# Moving to Montreal - timescales



## KateD6 (Mar 25, 2010)

I'm in the process of applying for PR to move to Montreal as my job isn't on the "list" to move anywhere else in Canada, even through I have enough points.

Am I right in thinking that I have to apply for my certificate from Quebec, wait for this to arrive and then apply for PR to Canada? 

Does any one have experience of this and how long does it take?

I have a house and a business to sell here in France and could use some advice as to when to put them on the market! 

Thanks!


----------



## MarylandNed (May 11, 2010)

This looks like a good place to start:

Immigration-Québec - Questions and answers

Immigration-Québec - Submitting an official immigration application


----------



## KateD6 (Mar 25, 2010)

Thanks for this but I have pretty much read the Quebec site through and through  and there doesn't seem to be any even vague ideas on how long it actually all takes.

I was just wondering if there was anyone here that had actually gone through the process and could give me some idea how long it took them. Weeks? Months?? Years???


----------



## MarylandNed (May 11, 2010)

KateD6 said:


> Thanks for this but I have pretty much read the Quebec site through and through  and there doesn't seem to be any even vague ideas on how long it actually all takes.
> 
> I was just wondering if there was anyone here that had actually gone through the process and could give me some idea how long it took them.
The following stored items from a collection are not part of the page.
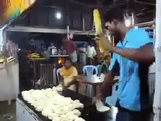 Este trabajador indio prepara parathas (pan plano típico indio) a la velocidad del rayo, y encima se permite el lujo de lanzarlos a distancia para que sean cocidos. Todo ello sin mirar y encima la masa cruza por encima de una zona de paso de gente.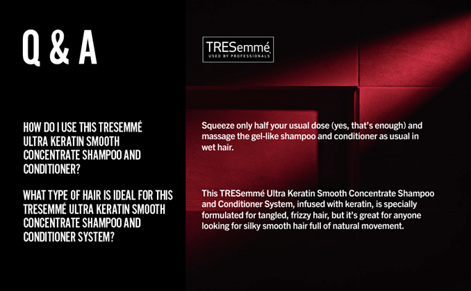 There’s something about silky hair that’s full of natural movement that lets you take on the day with confidence. You can now get that style without having to go to a salon with TRESemmé Ultra Keratin Smooth Concentrate Shampoo and Conditioner. Using only half your usual dose, this ultra-fast lather concentrated hair shampoo and conditioner formula penetrates hair strands and delivers salon smoothness and shine in just 30 seconds. The end result? Gorgeously silky hair that lasts and lasts. How to use the Ultra Keratin Smooth Concentrate System: Step 1: Squeeze ONLY HALF of your usual dose (yes, that's enough) and massage the gel-like smoothing shampoo in wet hair. Step 2: After shampooing, squeeze ONLY HALF of your usual dose (yes, that’s enough) and massage the gel-like conditioner as usual in wet hair. Step 3: Finish and style with your favorite TRESemmé products. Every choice we make at TRESemmé, from the values we promote—such as not testing on animals and being PETA-approved—to the carefully selected ingredients we use, are made to give you professional salon quality haircare products you can trust. Because 70 years on, we believe in the power of style. So tell your story, make your mark – and achieve your aspirations with confidence. With TRESemmé, you can DO IT WITH STYLE.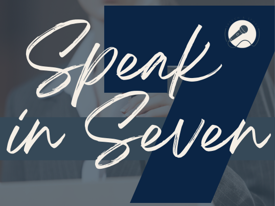 Got something to say but not sure where to start? Speak in Seven is your guided seven-day sprint to craft, refine, and deliver a confident, powerful speech you’re proud of.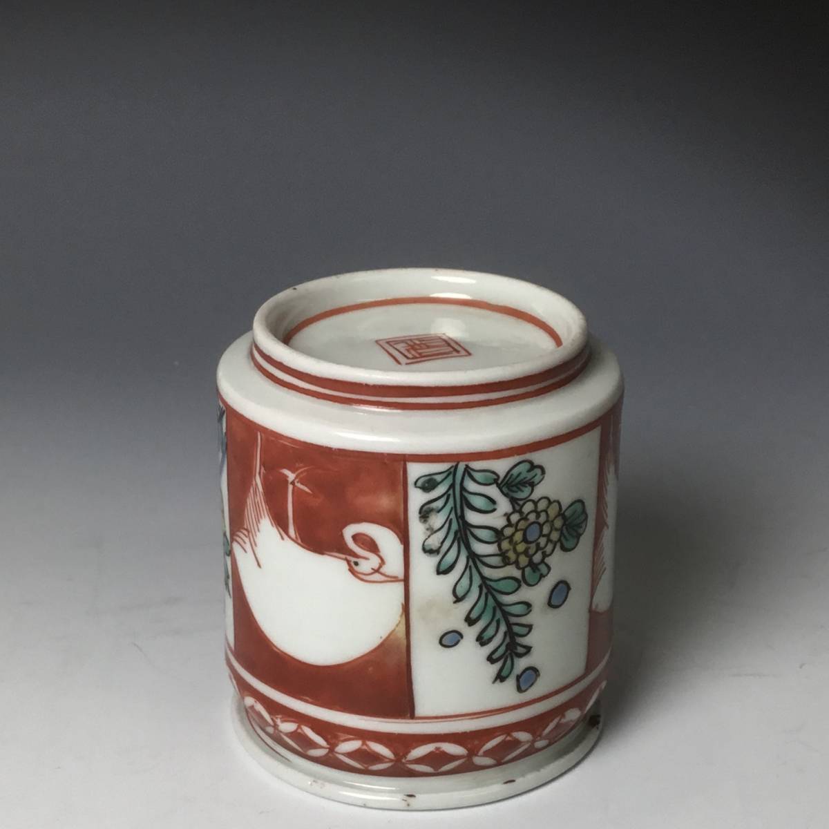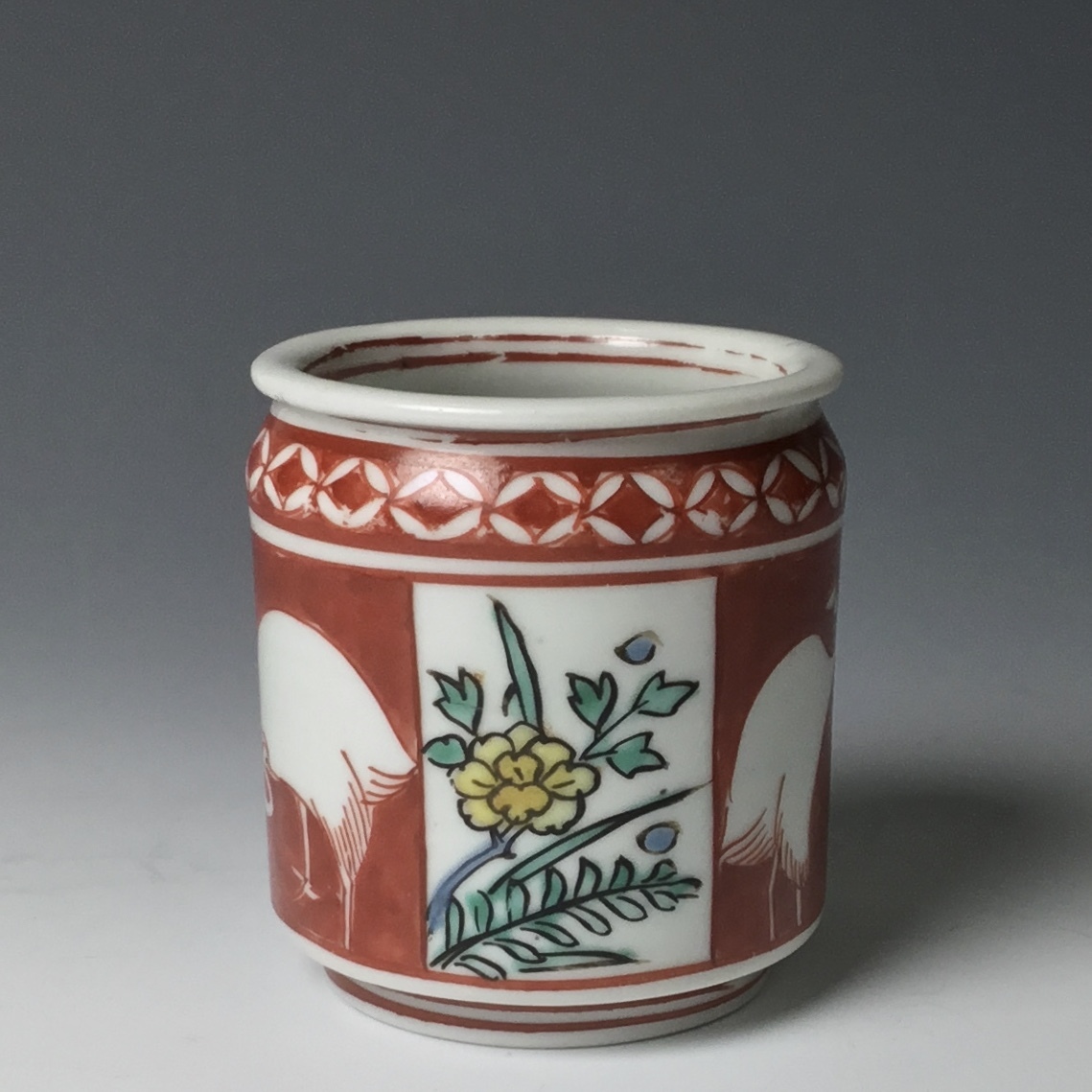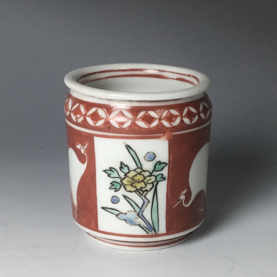 (翔)古伊万里 色絵 江戸後期 文化文政期 鷺 白抜 牡丹 のぞき 猪口 珍しい形 裏銘 ⑤ 1800年代前後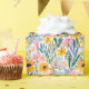 Este design apresenta flores de verão, aquarelas, bonitinhas, em amarelo, rosa e azul sobre fundo branco.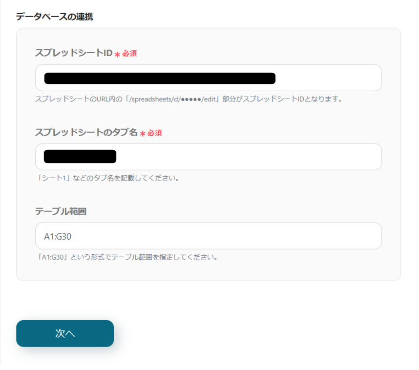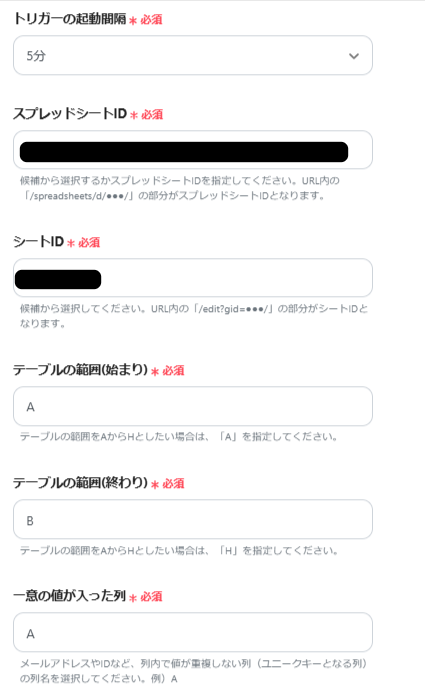 スプレッドシートIDとシートID(タブ名)を候補から選択し、一意の値が入った列まで入力をしてください。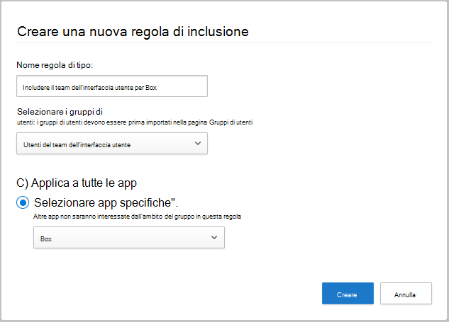 Nella finestra di dialogo Crea nuova regola di inclusione completare la procedura seguente: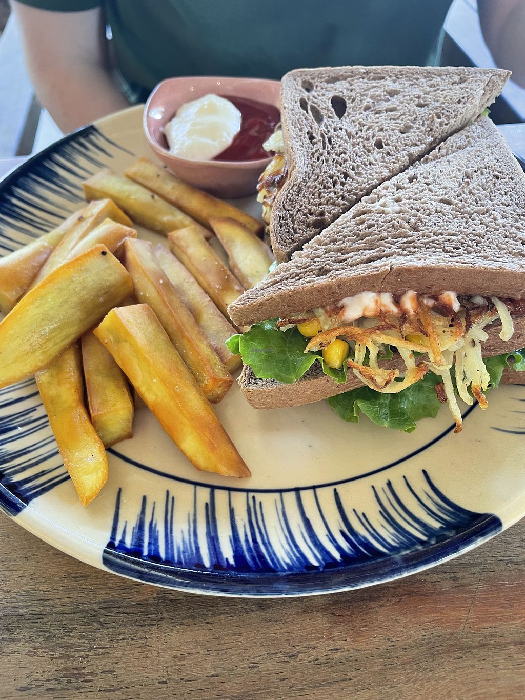 Although it’s not on the beach, it has a very relaxing garden. The shaded area was cool even with the sun being super hot. I had a quesadilla that was quite full of ingredients including very creamy cheese alternative. The coconut coffee was quite good and the whole coconut water was ice cold with a whole lot of water inside. The hammock was a nice place to chill when the sun started going down.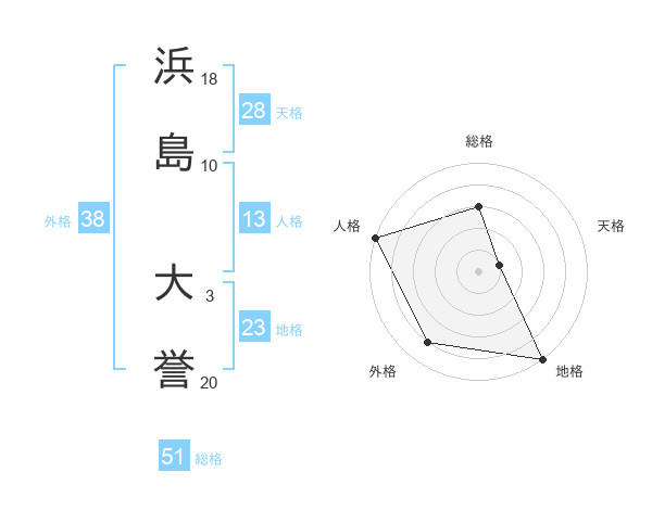 浜島 大誉さんを姓名の画数から五運を鑑定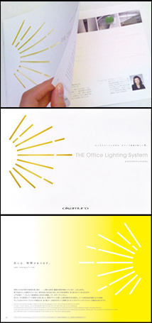 光を感じる感受性「サーカディアンリズム」に則った画期的なオフィス照明「次・オフィスライトシステム」の発売に際し、今までにない切り口のカタログが求められた。そこで、商品コンセプトである光を手にとって感じられるように、表紙から続く3ページ分を型抜きし、裏面のグラデーションを対向する白場に反射させ、色を感じさせる紙面に。
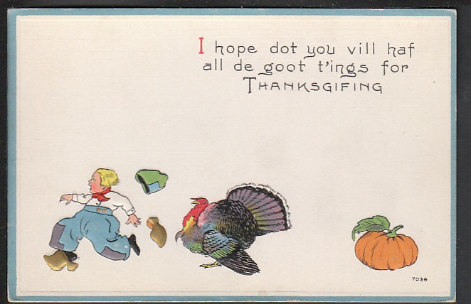 Thankgiving Turkey and Boy Post Card 5119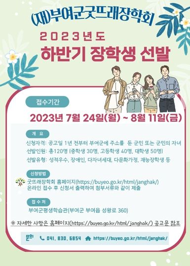 [제주교통복지신문 김강석 기자] (재)부여군굿뜨래장학회는 7월 24일부터 8월 11일까지 2023년도 하반기 굿뜨래 장학생 신청서를 접수한다.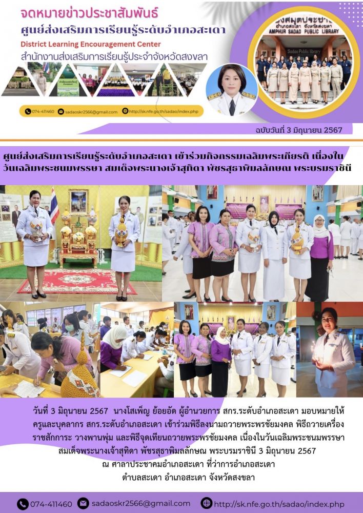 ศูนย์ส่งเสริมการเรียนรู้ระดับอำเภอสะเดา เข้าร่วมกิจกรรมเฉลิมพระเกียรติ เนื่องใน วันเฉลิมพระชนมพรรษา สมเด็จพระนางเจ้าสุทิดา พัชรสุธาพิมลลักษณ พระบรมราชินี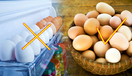 Jika anda ingin menyimpan telur di dalam peti sejuk, pastikan anda tidak menggunakan ‘tray’ telur di bahagian pintu peti sejuk. Telur memerlukan suhu yang stabil untuk menjadikan ia tahan lama dan jika anda menyimpan telur di rak pintu peti sejuk, suhu akan terjejas dan tidak seimbang malah tempias pada khasiat telur itu sendiri. Bayangkan sahaja anda kerap membuka dan menutup pintu peti sejuk. Sebaiknya, simpan telur di bahagian lain seperti di dalam laci peti sejuk tersebut supaya suhu sentiasa stabil untuk menjamin kualiti dan rasa telur apabila dimasak.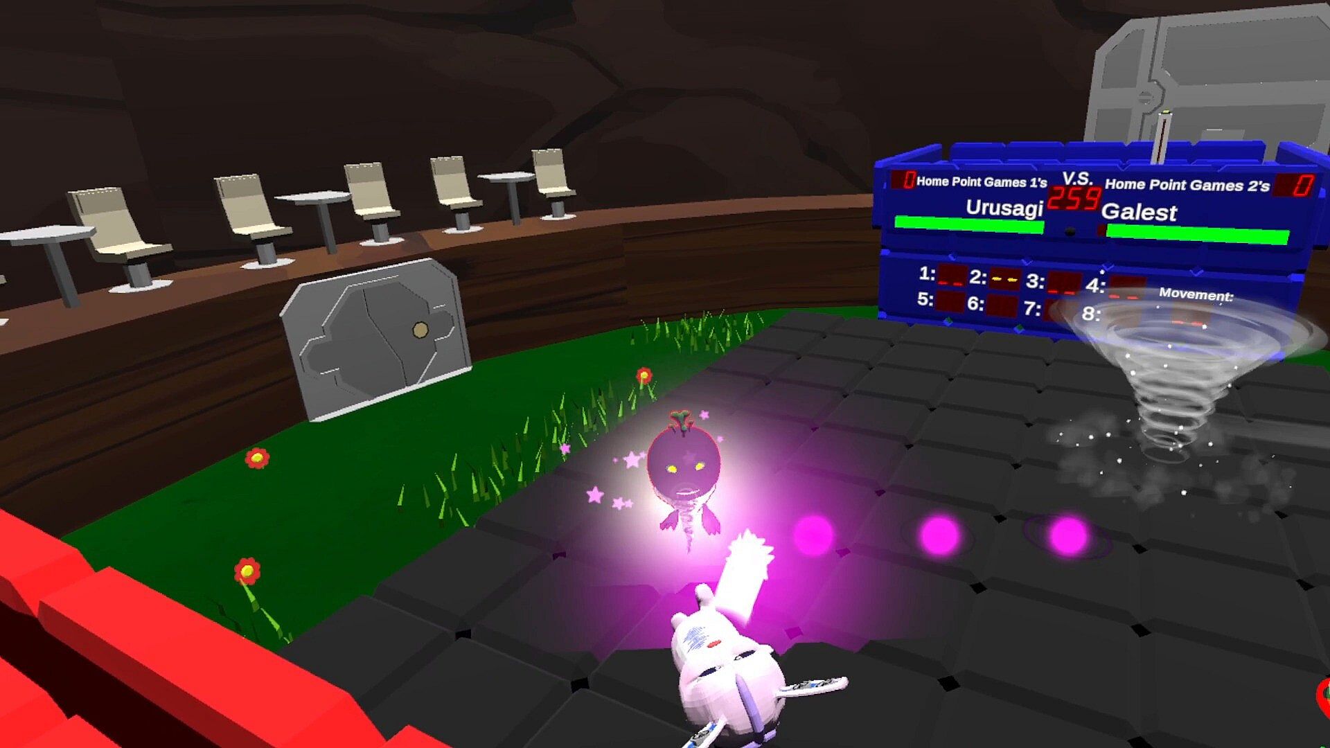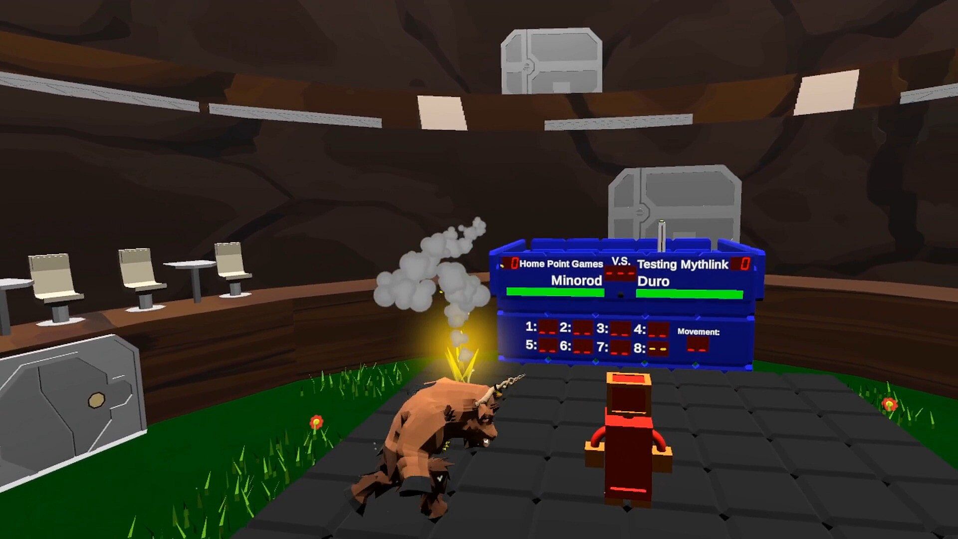 Players bond with a chosen Mythlink monster in this VR-only indie action game, forming a powerful Mythlink Unity that grows through shared training. Select from Minorod's lightning-earth attacks, Galest's wind-dark tricks, or Urusagi's sound-light bursts, then boost their strength, brain, or speed stats via mini-games like Punching Bag frenzies, Pile Up block challenges, and Baller Dodge evasions. Trained Mythlink Unities clash in online 1v1 arena battles, equipping up to nine unique abilities from a roster of 30 to outmaneuver rivals. Victory demands smart loadouts blending quick strikes and heavy hits. Free-to-play enthusiasts who grind personal fitness exercises for competitive edges will thrive here.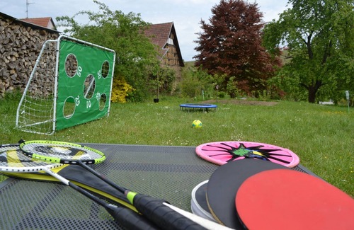 Idyllic half-timbered house with a large garden and playground and orchard is located in Cleebourg. Idyllic half-timbered house with a large garden and playground and orchard provides accommodation, featuring Sports/Activities, Guest Services, Barbecue/Outdoor Cooking, among other amenities. This House features Sports/Activities, Guest Services, Barbecue/Outdoor Cooking, to make your stay a comfortable one.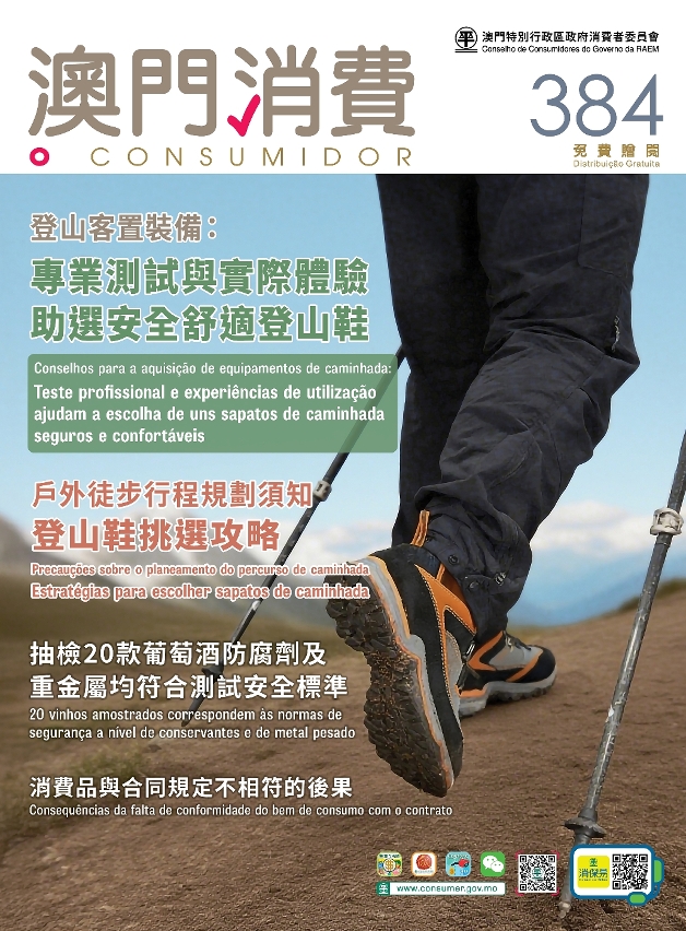 Os conselhos de consumidores de Guangdong, Macau e Guangzhou cooperaram-se para realizar o teste comparativo à segurança e à qualidade de sapatos de caminhada, tendo por referência as normas nacionais chinesas nesta matéria, tendo ainda efectuado uma avaliação às amostras em termos do nível de conforto, suporte e ajuste, através da experimentação das mesmas. Os dados do teste e o resultado da classificação encontram-se publicados nesta edição do “O Consumidor”, permitindo que os consumidores façam uma escolha de consumo mais inteligentes conforme as suas necessidades.

Weeks? Months?? Years???


Try here:

Quebec Skilled Workers Tracker


----------



## KateD6 (Mar 25, 2010)

Thanks for that link  Really helpful.... looks like I need to allow about a year which is what I thought....


----------



## Canuck Beth (Oct 31, 2009)

Sorry I can't answer your question, but I'm just curious why you'd want to come here from France?




KateD6 said:


> Thanks for that link  Really helpful.... looks like I need to allow about a year which is what I thought....


----------



## KateD6 (Mar 25, 2010)

Canuck Beth said:


> Sorry I can't answer your question, but I'm just curious why you'd want to come here from France?


Hmmmm.... where do I start???  I've just generally had enough of France!!


----------